Ernest "Nestl" Aljančič (5 December 1916 – 19 November 2006) was a Slovenian ice hockey player and official.

Aljančič was one of ice-hockey pioneers in Yugoslavia. As a member of SK Ilrija he participated in the first Yugoslavian ice-hockey game against Kamnik team. He continued to play after the Second World War in the renamed HK Ljubljana team. He also played for the Yugoslavia national ice hockey team in the first international match against Austria national ice hockey team, where Aljančič scored first Yugoslav international goal. As a part of the Yugoslavia national team he participated in the 1951 and 1955 World Ice Hockey Championships, scoring two goals.

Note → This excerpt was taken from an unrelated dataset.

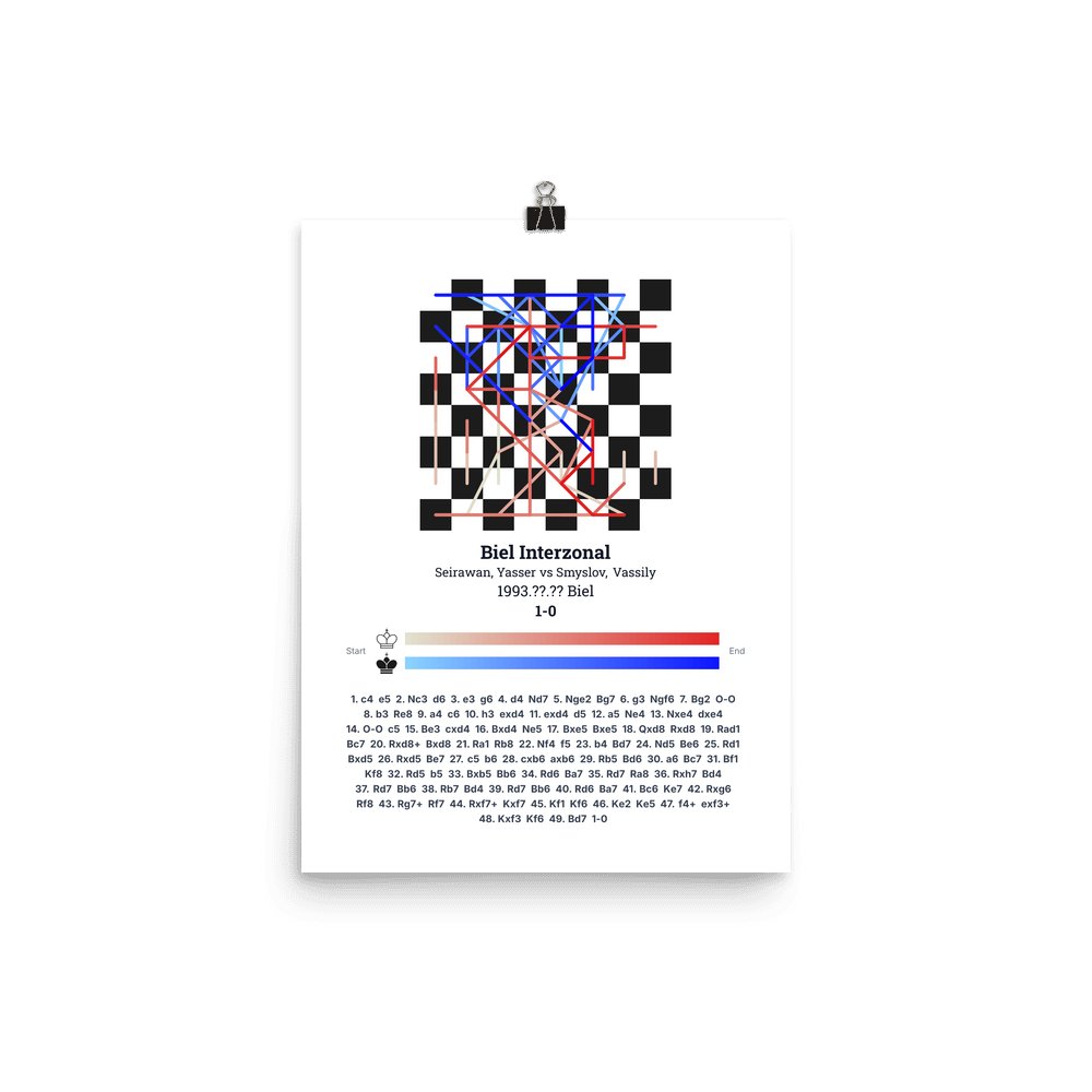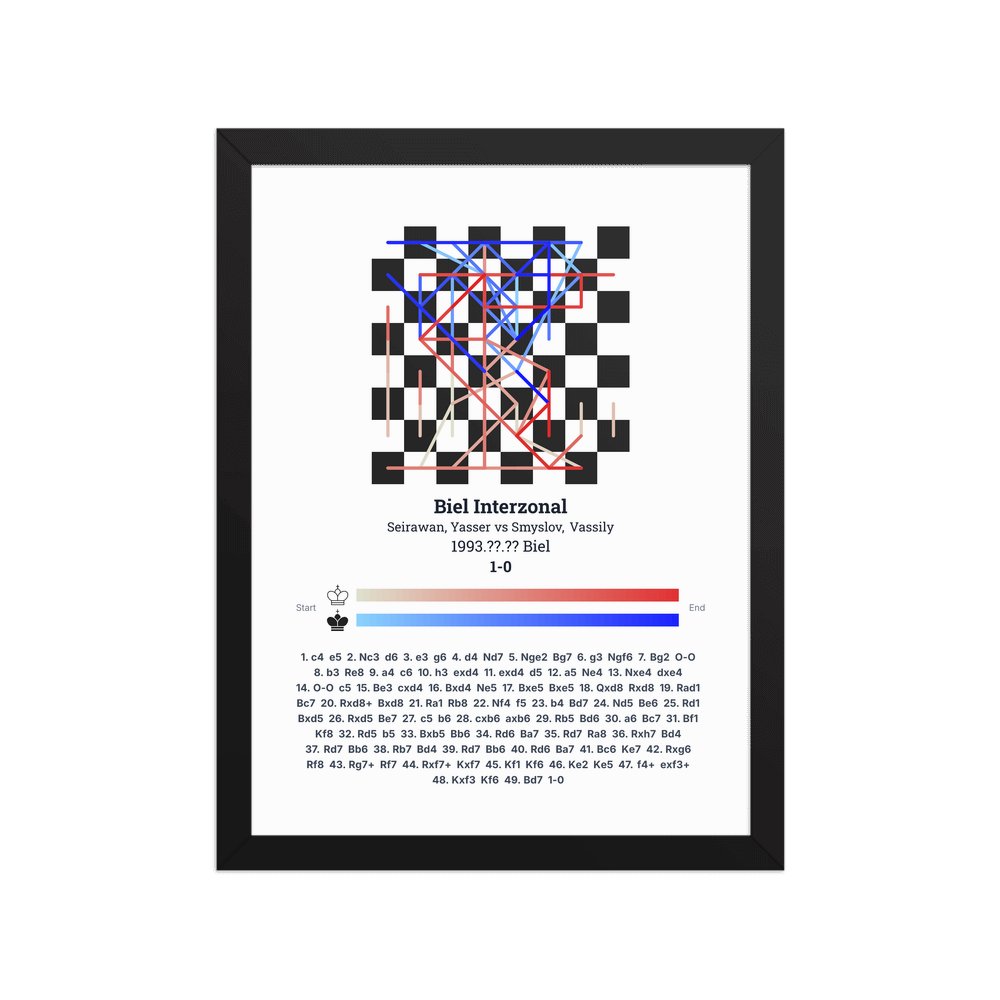 Museum-quality poster on thick, durable matte paper. A sharp, clean look for any chess visualisation.

In 1957, after a 25-year ice-hockey career, Aljančič retired. He later worked as an official trying to popularise the sport in Slovenia, helped to build Hala Tivoli ice-hockey rink and organize the 1966 World Ice Hockey Championships in it. As the first Slovenian, he was inducted into the IIHF Hall of Fame in 2002. In 2007, he was inducted to the Slovenian Hockey Hall of Fame.

His two sons, Ernest Aljančič and Jani Aljančič, have also played ice-hockey for Olimpija and Yugoslavia national ice hockey team. Ernest was also the president of the Ice Hockey Federation of Slovenia for 15 years.